§ Data:
== == ==
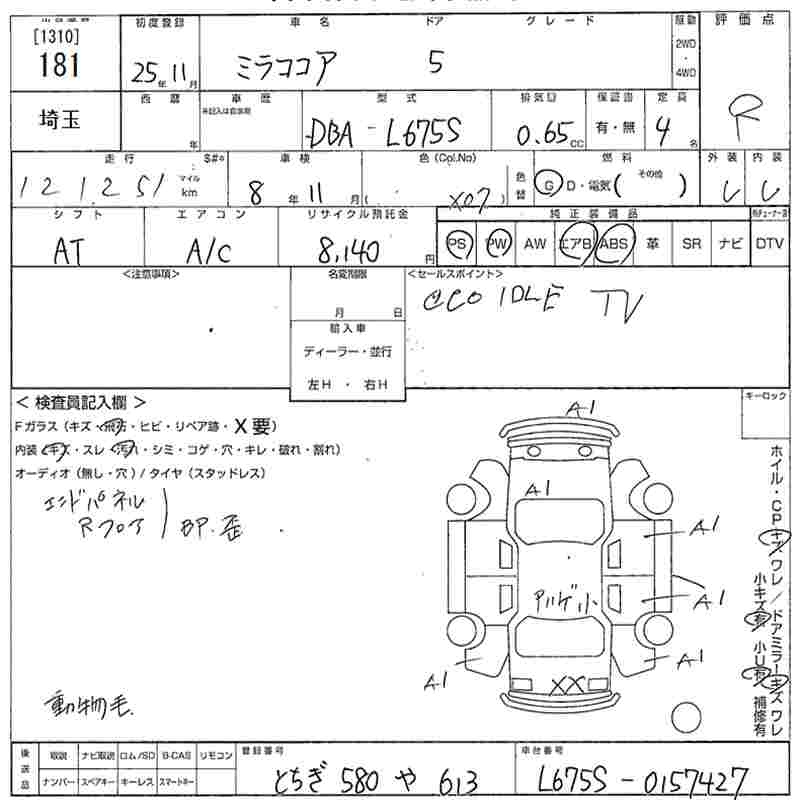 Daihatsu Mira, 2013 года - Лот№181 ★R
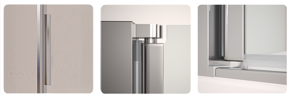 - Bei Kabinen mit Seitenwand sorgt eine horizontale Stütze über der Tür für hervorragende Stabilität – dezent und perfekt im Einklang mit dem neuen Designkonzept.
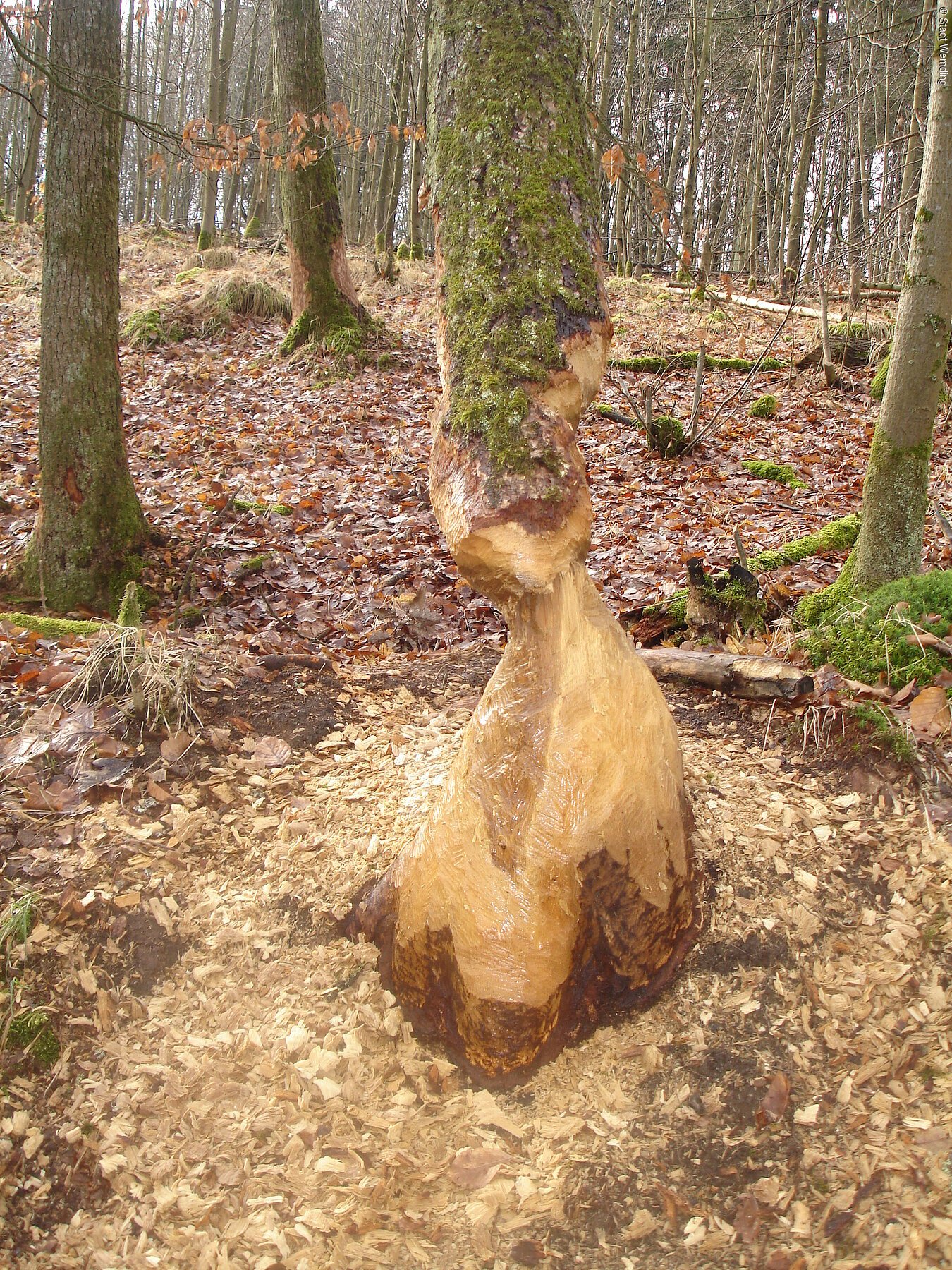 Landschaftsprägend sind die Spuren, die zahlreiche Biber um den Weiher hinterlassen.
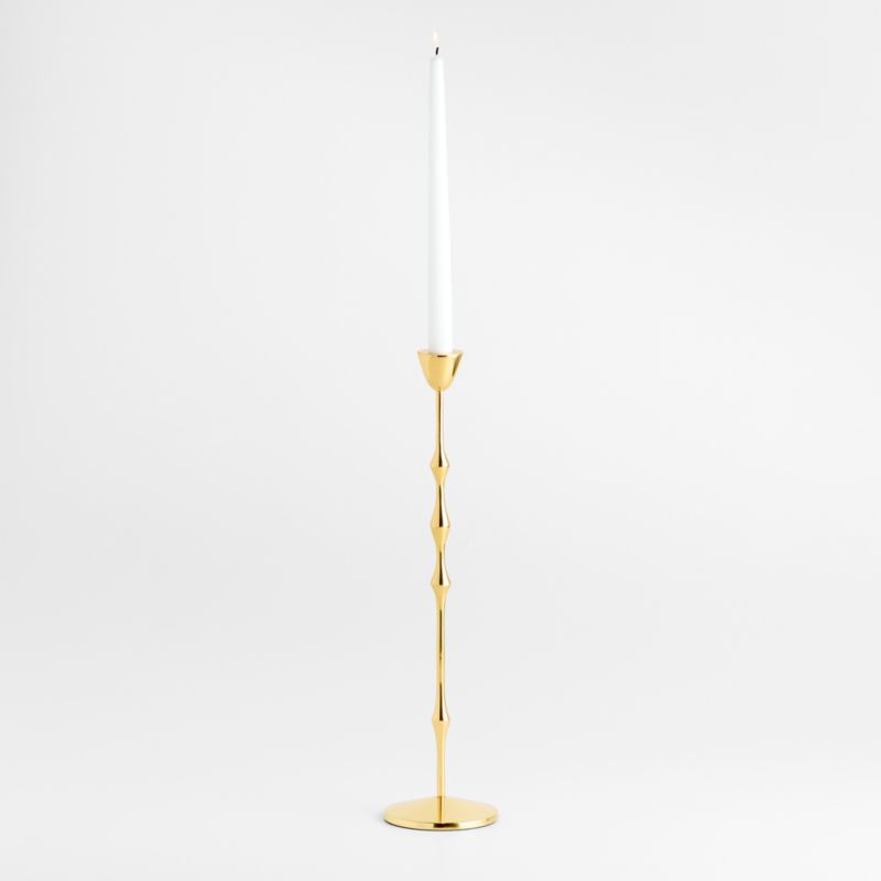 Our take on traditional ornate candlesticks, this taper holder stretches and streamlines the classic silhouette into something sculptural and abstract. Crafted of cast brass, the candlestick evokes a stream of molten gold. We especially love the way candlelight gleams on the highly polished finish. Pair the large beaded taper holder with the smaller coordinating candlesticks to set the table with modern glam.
== == ==
§ Problem requirements: Type out the data above again exactly as written, minus the images.

§ Task output:
 Daihatsu Mira, 2013 года - Лот№181 ★R
 - Bei Kabinen mit Seitenwand sorgt eine horizontale Stütze über der Tür für hervorragende Stabilität – dezent und perfekt im Einklang mit dem neuen Designkonzept.
 Landschaftsprägend sind die Spuren, die zahlreiche Biber um den Weiher hinterlassen.
 Our take on traditional ornate candlesticks, this taper holder stretches and streamlines the classic silhouette into something sculptural and abstract. Crafted of cast brass, the candlestick evokes a stream of molten gold. We especially love the way candlelight gleams on the highly polished finish. Pair the large beaded taper holder with the smaller coordinating candlesticks to set the table with modern glam.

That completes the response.